Experiment 1: A Moving Magnet and a Coil

• Setup: A coil of wire is connected to a galvanometer (a sensitive current meter).
• Observations:
  1. When a bar magnet is held stationary near the coil, no current is induced.
  2. When the magnet is moved towards the coil, the galvanometer deflects, indicating an induced current.
  3. When the magnet is moved away from the coil, the current is induced in the opposite direction.
• Conclusion: It is the relative motion between the magnet and the coil that causes a change in magnetic flux and induces a current.

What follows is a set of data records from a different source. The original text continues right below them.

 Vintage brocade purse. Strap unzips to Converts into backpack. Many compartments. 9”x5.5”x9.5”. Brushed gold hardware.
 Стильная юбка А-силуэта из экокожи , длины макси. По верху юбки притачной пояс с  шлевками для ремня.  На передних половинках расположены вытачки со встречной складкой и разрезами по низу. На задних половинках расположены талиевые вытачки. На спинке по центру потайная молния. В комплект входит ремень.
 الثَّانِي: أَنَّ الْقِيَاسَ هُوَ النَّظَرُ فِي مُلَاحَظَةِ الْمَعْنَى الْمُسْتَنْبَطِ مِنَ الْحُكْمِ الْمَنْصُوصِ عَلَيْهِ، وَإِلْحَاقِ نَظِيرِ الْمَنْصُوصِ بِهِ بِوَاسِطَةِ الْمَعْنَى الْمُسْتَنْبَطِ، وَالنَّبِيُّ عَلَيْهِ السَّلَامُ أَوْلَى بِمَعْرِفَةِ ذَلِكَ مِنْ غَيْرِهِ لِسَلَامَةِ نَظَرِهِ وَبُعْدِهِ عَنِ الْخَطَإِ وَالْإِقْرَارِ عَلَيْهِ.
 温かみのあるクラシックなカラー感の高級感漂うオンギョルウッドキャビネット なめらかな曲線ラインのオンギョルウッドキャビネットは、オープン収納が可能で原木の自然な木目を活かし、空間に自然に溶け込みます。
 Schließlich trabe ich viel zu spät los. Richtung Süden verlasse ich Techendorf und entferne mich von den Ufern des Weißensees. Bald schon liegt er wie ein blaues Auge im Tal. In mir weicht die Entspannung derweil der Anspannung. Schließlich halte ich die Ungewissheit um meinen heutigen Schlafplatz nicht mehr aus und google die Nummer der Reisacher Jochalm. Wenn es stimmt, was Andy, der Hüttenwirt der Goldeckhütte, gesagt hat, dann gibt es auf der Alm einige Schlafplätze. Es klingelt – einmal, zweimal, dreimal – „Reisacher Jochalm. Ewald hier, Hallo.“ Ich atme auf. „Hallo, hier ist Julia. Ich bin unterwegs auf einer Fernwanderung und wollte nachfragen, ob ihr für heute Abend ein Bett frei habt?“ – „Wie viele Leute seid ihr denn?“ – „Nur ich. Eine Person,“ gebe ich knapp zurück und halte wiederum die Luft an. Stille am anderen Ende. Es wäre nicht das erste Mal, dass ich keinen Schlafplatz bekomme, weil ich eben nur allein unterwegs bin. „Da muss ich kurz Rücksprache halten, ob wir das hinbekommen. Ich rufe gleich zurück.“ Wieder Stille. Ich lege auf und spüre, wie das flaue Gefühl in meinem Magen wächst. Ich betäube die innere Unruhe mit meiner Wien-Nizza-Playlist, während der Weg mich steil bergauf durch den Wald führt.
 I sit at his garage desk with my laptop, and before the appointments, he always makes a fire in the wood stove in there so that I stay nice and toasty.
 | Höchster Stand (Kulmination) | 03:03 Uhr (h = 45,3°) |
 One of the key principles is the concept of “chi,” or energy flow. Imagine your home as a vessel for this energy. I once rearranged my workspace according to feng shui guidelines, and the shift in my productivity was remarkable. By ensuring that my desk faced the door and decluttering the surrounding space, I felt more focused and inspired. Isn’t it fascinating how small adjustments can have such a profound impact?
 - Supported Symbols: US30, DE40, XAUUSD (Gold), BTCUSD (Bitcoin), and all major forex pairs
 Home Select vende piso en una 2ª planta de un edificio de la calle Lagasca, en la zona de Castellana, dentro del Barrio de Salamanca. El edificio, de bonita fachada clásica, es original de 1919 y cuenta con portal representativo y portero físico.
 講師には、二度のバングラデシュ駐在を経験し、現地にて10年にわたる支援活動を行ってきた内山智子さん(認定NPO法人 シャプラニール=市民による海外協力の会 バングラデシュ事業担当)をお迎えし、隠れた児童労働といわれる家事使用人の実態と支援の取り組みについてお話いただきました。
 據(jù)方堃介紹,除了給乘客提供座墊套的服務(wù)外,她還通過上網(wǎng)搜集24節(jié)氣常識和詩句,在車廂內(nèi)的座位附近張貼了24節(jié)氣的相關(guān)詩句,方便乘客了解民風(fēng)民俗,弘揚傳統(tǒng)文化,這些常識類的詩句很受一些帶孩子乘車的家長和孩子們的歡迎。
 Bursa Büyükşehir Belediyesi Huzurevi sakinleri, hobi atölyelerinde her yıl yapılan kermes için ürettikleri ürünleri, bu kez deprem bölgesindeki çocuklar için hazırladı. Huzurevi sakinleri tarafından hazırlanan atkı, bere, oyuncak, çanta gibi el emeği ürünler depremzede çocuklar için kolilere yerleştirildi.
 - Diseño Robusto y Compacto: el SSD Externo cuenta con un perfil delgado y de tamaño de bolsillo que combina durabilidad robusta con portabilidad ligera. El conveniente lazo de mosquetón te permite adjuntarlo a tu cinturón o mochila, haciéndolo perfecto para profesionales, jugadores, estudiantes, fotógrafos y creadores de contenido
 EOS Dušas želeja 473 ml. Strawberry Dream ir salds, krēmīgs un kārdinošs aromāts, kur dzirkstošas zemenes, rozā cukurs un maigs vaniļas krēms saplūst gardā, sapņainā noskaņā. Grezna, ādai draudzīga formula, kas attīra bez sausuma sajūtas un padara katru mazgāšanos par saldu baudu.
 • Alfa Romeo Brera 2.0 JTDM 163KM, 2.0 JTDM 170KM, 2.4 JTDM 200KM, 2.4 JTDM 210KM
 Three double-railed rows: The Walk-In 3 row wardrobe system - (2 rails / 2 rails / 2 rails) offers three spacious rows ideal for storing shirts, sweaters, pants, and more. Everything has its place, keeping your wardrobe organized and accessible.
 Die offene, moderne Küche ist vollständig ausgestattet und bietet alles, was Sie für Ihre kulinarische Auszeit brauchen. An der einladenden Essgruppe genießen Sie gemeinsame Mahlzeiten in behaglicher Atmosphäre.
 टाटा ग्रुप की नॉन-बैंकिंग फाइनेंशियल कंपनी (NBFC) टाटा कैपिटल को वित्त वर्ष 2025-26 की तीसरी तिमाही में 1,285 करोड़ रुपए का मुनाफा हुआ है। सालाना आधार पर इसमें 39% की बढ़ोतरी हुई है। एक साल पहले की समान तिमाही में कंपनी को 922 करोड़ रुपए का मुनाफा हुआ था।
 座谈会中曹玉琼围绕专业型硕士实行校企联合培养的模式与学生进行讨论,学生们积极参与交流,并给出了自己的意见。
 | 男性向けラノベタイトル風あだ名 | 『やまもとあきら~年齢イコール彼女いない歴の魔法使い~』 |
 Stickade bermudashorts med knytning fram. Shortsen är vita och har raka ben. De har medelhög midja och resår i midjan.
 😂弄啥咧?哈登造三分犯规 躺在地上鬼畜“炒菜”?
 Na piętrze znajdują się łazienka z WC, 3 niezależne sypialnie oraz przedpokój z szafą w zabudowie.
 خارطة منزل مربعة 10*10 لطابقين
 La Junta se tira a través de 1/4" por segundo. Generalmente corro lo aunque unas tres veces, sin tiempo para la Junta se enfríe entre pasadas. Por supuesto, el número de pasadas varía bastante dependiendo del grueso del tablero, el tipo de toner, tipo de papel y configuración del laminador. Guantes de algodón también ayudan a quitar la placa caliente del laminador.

Experiment 2: The Transformer Effect

• Setup: Two coils are placed near each other. The primary coil (P) is connected to a battery and a switch, and the secondary coil (S) is connected to a galvanometer.
• Observations:
  1. When the switch in the primary circuit is closed, the current in P goes from zero to a maximum. This changing current creates a changing magnetic field, which induces a brief current in S.
  2. When the current in P is steady, the magnetic field is constant, and no current is induced in S.
  3. When the switch is opened, the current in P drops to zero. This change again induces a brief current in S, but in the opposite direction.
• Conclusion: A changing current in one coil can induce a current in a nearby coil. This is the basic principle of a transformer.

Factors Affecting Induced EMF

The magnitude of the induced EMF (and thus the induced current) depends on:

1. The Number of Turns ($N$): More turns in the coil lead to a larger induced EMF.
2. The Rate of Change of Flux ($\Delta \varphi /\Delta t$):
   • Speed of Motion: Moving the magnet or coil faster increases the rate of change.
   • Strength of the Magnetic Field: A stronger magnet produces a larger flux change.
   • Area of the Coil: A larger coil area can capture more flux.

Significance: Faraday's Law is the cornerstone of electrical technology, explaining how mechanical energy can be converted into electrical energy and how electrical energy can be efficiently transferred and utilized.